Brief => With the pictures omitted, write out all of the listing exactly.

━━━ Data block ━━━

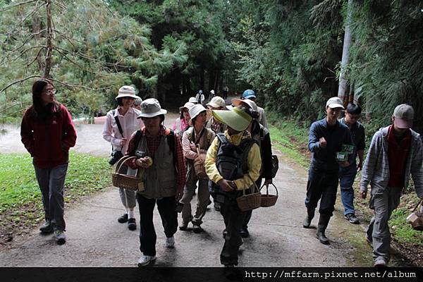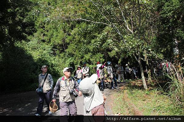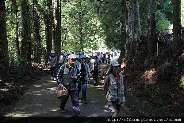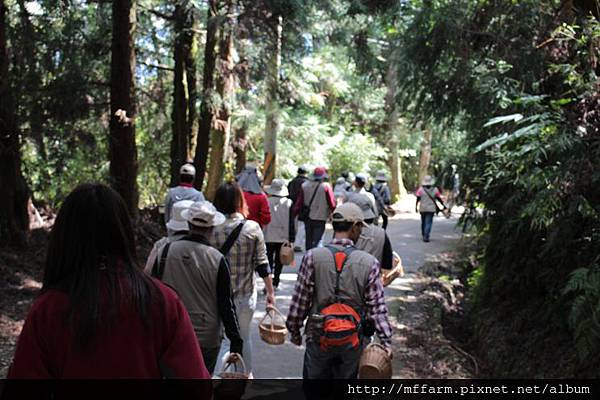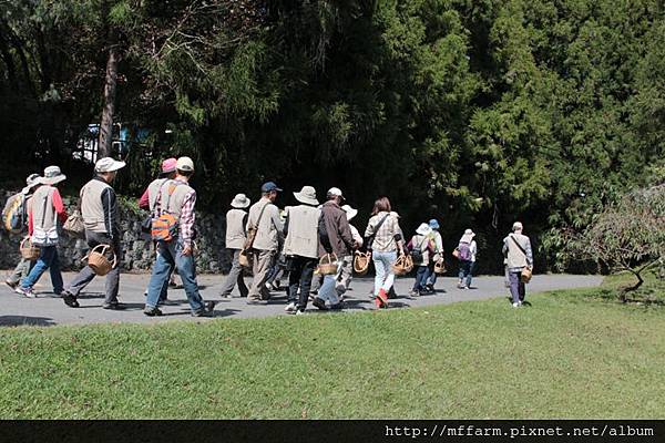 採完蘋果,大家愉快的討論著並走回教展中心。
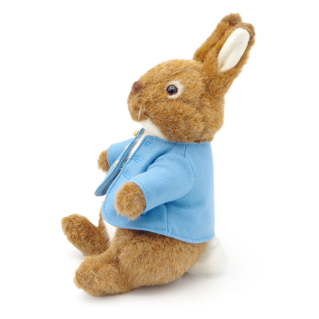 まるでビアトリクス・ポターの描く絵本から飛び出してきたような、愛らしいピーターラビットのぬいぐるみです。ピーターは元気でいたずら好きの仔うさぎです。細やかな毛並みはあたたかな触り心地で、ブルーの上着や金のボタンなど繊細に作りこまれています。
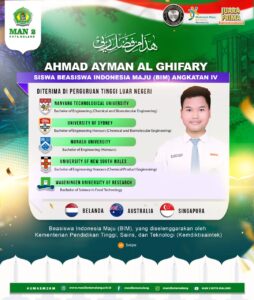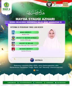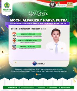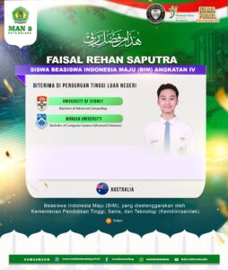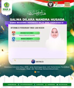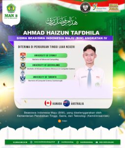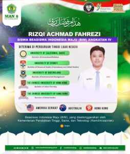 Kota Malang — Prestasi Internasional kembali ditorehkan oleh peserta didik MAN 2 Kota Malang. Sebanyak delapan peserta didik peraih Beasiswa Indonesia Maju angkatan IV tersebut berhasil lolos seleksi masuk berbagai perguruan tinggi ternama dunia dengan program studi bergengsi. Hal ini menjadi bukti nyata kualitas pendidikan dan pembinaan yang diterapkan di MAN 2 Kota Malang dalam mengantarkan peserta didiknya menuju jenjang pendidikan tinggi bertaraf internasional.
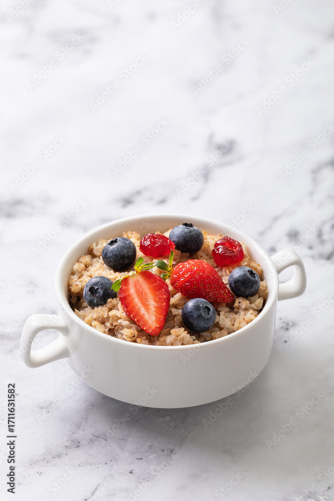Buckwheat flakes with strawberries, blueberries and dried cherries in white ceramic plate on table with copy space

━━━

Task response =>
 採完蘋果,大家愉快的討論著並走回教展中心。
 まるでビアトリクス・ポターの描く絵本から飛び出してきたような、愛らしいピーターラビットのぬいぐるみです。ピーターは元気でいたずら好きの仔うさぎです。細やかな毛並みはあたたかな触り心地で、ブルーの上着や金のボタンなど繊細に作りこまれています。
 Kota Malang — Prestasi Internasional kembali ditorehkan oleh peserta didik MAN 2 Kota Malang. Sebanyak delapan peserta didik peraih Beasiswa Indonesia Maju angkatan IV tersebut berhasil lolos seleksi masuk berbagai perguruan tinggi ternama dunia dengan program studi bergengsi. Hal ini menjadi bukti nyata kualitas pendidikan dan pembinaan yang diterapkan di MAN 2 Kota Malang dalam mengantarkan peserta didiknya menuju jenjang pendidikan tinggi bertaraf internasional.
Buckwheat flakes with strawberries, blueberries and dried cherries in white ceramic plate on table with copy space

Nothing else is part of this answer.